- [WHAT YOU NEED TO DO]:
The answer must consist solely of the lines from the line with "并且占地面積小、投資成本低。" to the final line of the data below, reproduced exactly, pictures omitted.

- [GIVEN MATERIAL]:
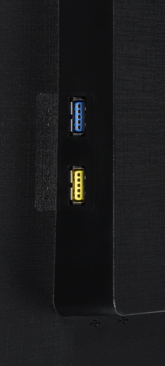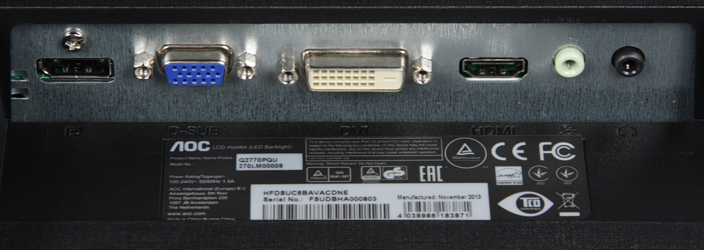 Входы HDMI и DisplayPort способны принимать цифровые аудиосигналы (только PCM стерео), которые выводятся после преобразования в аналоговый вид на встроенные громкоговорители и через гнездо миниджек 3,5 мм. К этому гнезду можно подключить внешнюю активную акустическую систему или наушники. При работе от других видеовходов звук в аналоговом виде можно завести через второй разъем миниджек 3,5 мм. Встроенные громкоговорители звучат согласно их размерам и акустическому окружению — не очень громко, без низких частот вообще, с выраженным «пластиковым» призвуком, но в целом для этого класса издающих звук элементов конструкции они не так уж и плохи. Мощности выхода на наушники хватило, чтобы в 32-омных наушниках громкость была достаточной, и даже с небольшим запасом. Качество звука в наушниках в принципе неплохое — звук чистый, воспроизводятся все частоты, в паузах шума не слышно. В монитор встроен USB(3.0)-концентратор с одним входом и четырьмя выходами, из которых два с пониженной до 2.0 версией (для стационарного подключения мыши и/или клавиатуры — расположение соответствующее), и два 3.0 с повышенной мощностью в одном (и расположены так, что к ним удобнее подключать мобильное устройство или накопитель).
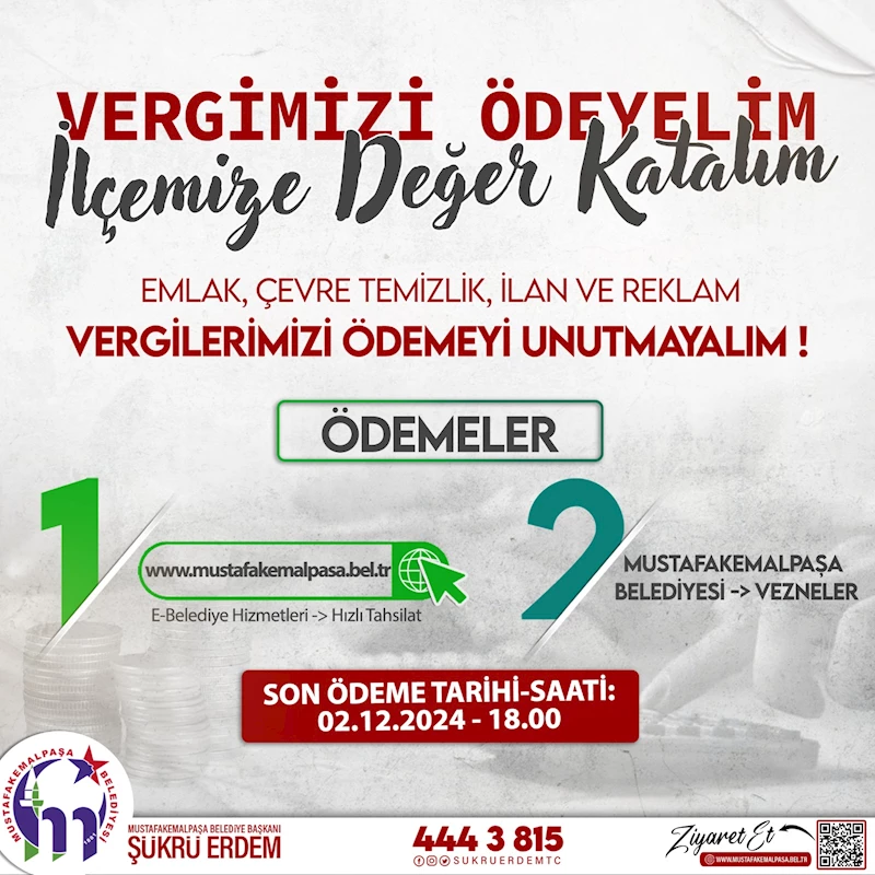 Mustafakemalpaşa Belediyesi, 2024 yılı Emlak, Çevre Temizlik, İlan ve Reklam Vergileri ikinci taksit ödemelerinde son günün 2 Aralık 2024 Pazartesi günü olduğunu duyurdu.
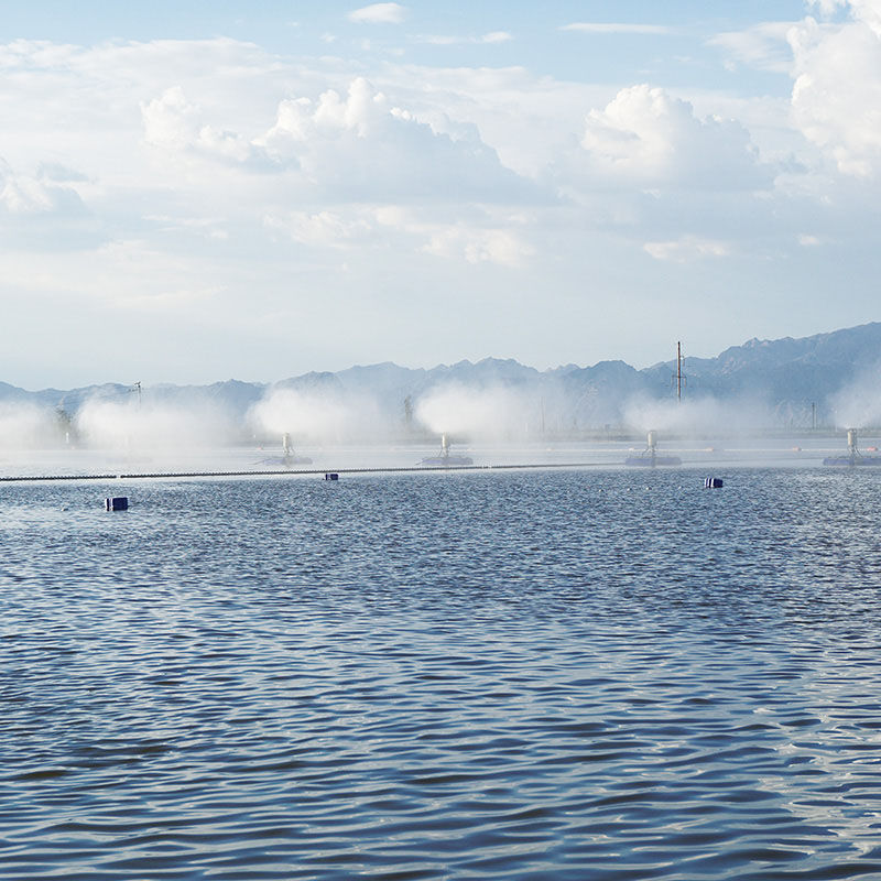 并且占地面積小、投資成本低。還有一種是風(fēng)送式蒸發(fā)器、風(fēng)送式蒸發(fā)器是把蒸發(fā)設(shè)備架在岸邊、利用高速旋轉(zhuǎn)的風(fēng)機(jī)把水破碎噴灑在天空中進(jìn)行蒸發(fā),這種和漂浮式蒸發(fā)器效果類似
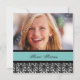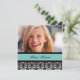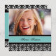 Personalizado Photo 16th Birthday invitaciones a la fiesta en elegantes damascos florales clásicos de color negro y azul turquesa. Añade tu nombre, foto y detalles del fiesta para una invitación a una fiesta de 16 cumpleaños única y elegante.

- [YOUR RESPONSE]:
 并且占地面積小、投資成本低。還有一種是風(fēng)送式蒸發(fā)器、風(fēng)送式蒸發(fā)器是把蒸發(fā)設(shè)備架在岸邊、利用高速旋轉(zhuǎn)的風(fēng)機(jī)把水破碎噴灑在天空中進(jìn)行蒸發(fā),這種和漂浮式蒸發(fā)器效果類似
 Personalizado Photo 16th Birthday invitaciones a la fiesta en elegantes damascos florales clásicos de color negro y azul turquesa. Añade tu nombre, foto y detalles del fiesta para una invitación a una fiesta de 16 cumpleaños única y elegante.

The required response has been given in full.